Stack Buffer Overflow in C++ gRPC Server: How sprintf() Can Enable Arbitrary Code Execution

Introduction

There is a particular class of bug that has haunted C and C++ codebases for decades — one that security researchers discovered in the 1980s, that brought down major systems in the 1990s, and that still appears in production code today. The stack buffer overflow is not glamorous, but it is devastatingly effective. When it lands in a network-facing server component, the consequences can be severe: complete system compromise, data exfiltration, or a persistent foothold for an attacker.
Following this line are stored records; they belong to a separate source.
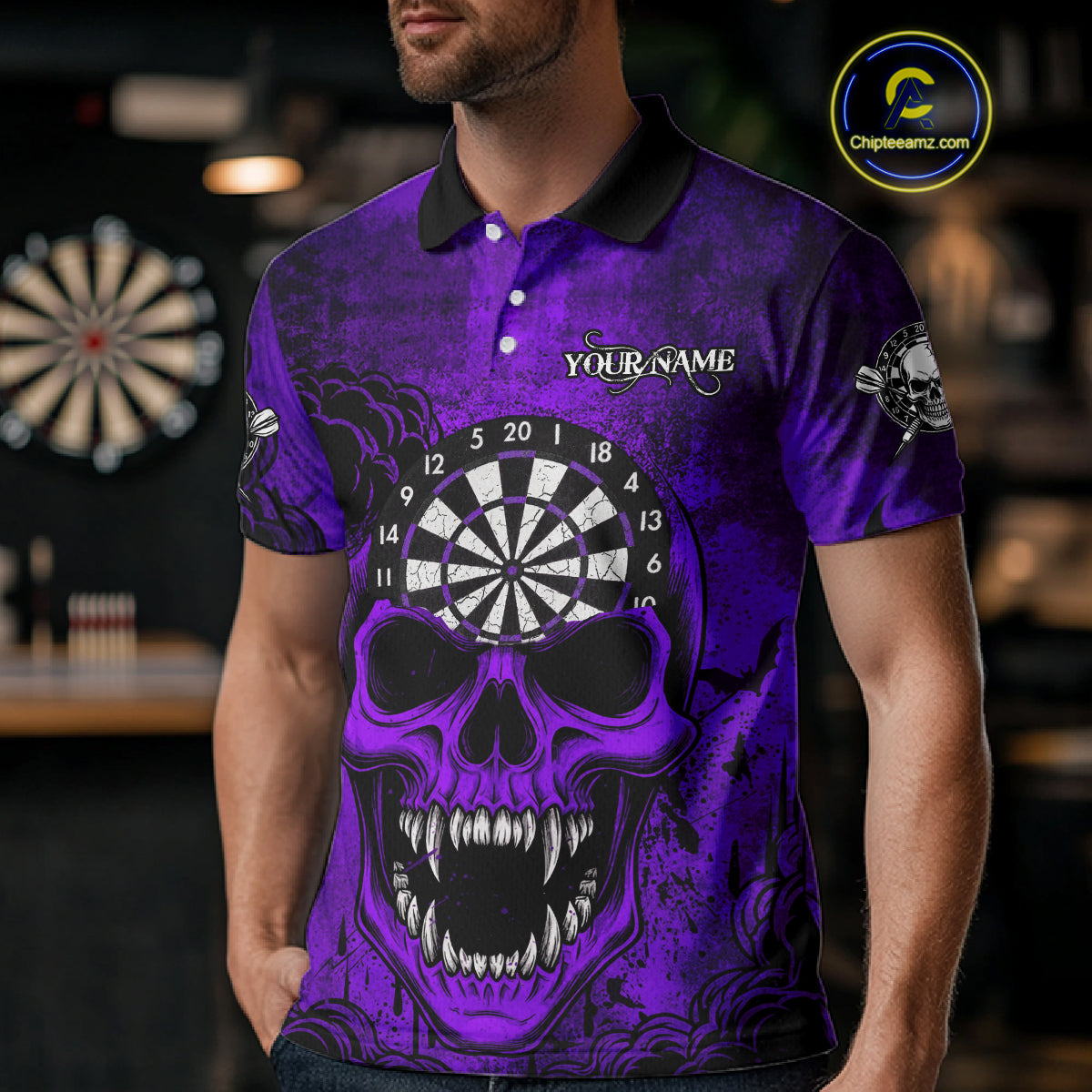 Purple Grunge Horror Dartboard Skull Custom Men Polo Dart Jerseys Grunge Dart Gifts NYN2032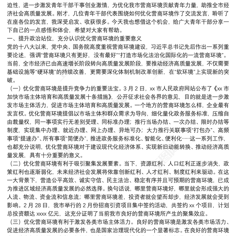 > 交流研討座談 > 凝聚青年奮進(jìn)力量 打造一流營商環(huán)境——市委領(lǐng)導(dǎo)在全市青年干部代表優(yōu)化營商環(huán)境座談會上的講話.DOCX 【圖片、文字、動畫均可編輯】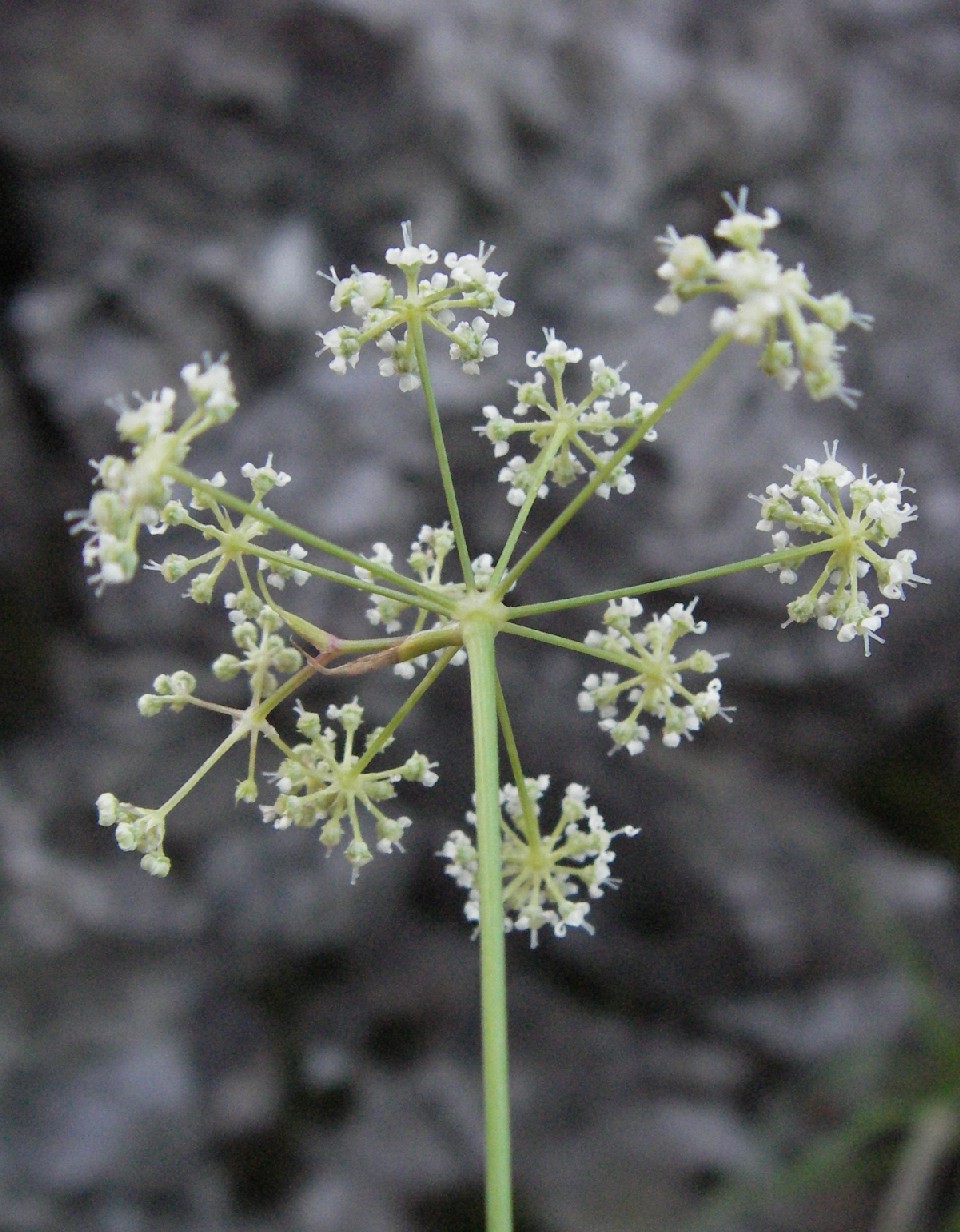Seseli - Blüten weiß, Dolde ohne Hülle oder mit 1 - 3 bald abfallenden Hüllblättern, mit 8 - 25 kahlen Doldenstrahlen, Hüllchenblätter nicht verwachsen, Blätter blaugrün, 2 - 3- fach gefiedert, Fiederabschnitte fädlich
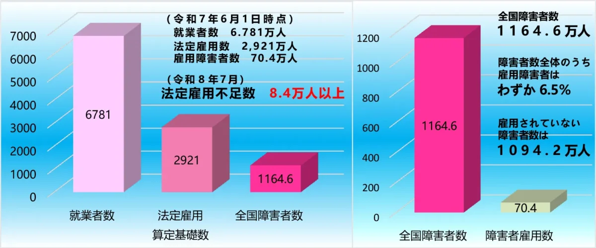 厚生労働省が公表した「障害者雇用状況の集計結果(令和7年6月1日)」によると、現在日本の就業者6,781万人のうち、障害者の雇用者数は僅か70.4万人。就業者全体の約1%にすぎません。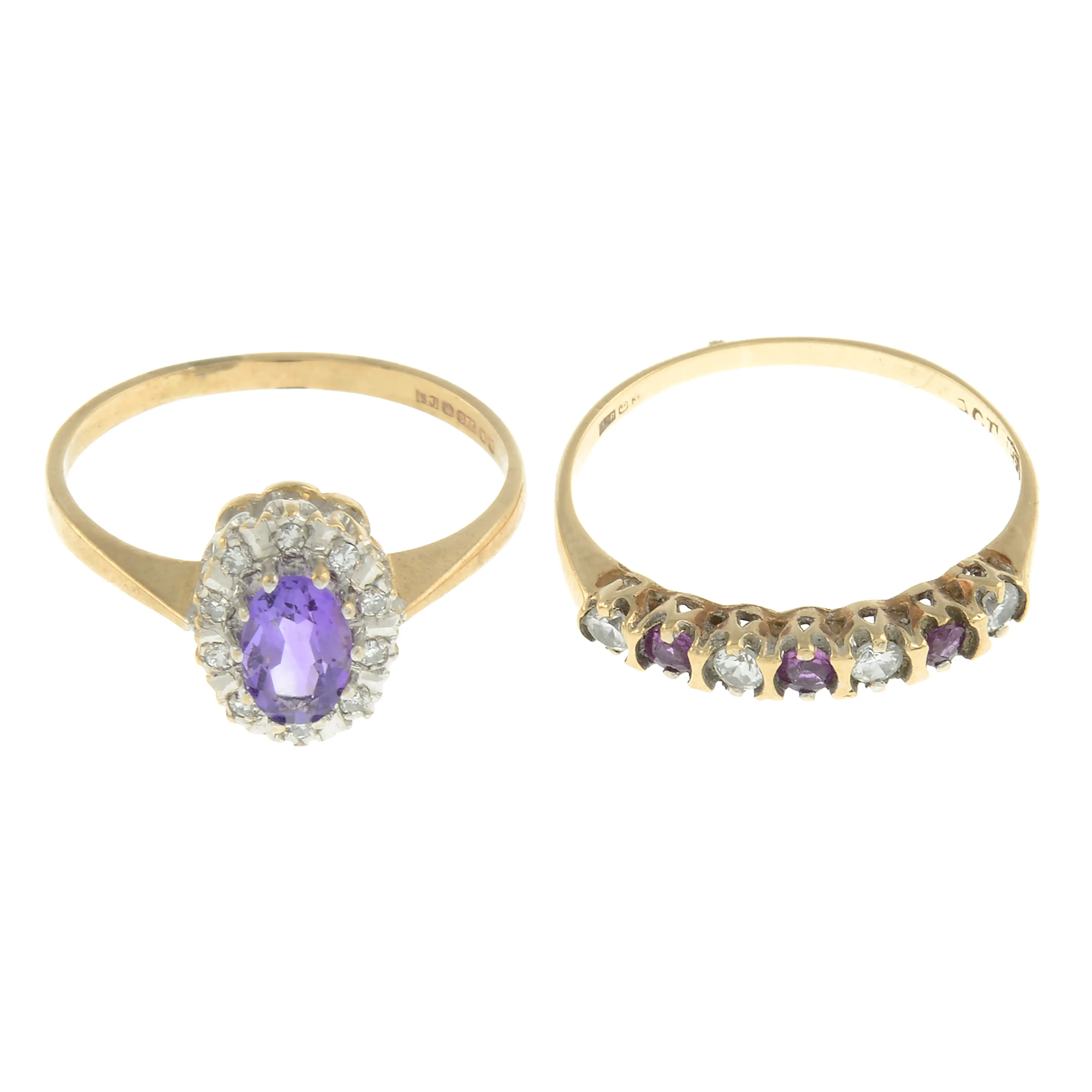 A 9ct gold amethyst and colourless gem cluster ring, hallmarks for London, 1991, ring size K1/2, 1.5gm.

This post examines a critical stack buffer overflow vulnerability discovered in grpc-server.cpp, the gRPC inference server component of ik-llama-cpp — and how a deceptively simple function, sprintf(), was at the center of it all.
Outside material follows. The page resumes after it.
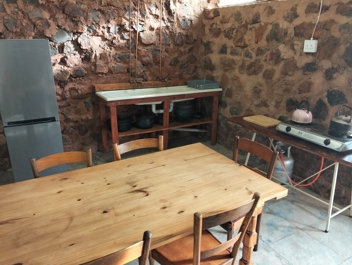 Matopos is a rustic rock-and-wood cabin set within a wild syringa forest on Grootfontein Private Reserve. Ideal for a getaway for a couple or small families. Surrounded by nature and mountain views, it’s a quiet space to slow down and settle in. The cabin features two en-suite bedrooms, a simple kitchenette, comfortable lounge, and braai facilities. Outdoors, unwind in the wood-fired hot tub and take in the stillness of the surrounding bush.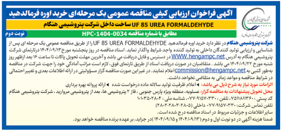 ضمنا هزینه آگهی در دو نوبت اول و دوم (13/09/1404 و 15/09/1404 )در جراید، بر عهده برنده مناقصه خواهد بود.

If you write C or C++, or if you maintain infrastructure that runs native code, this is a vulnerability pattern you need to understand deeply.


Background: What Is ik-llama-cpp?

ik-llama-cpp is a high-performance C++ inference backend for large language models, built on top of the llama.cpp ecosystem. Its gRPC server component (grpc-server.cpp) handles incoming inference requests, manages token generation, and reports back statistics — including timing measurements and token counts — to clients.

These statistics are formatted and written as strings during the normal course of operation. That formatting step is exactly where the vulnerability lived.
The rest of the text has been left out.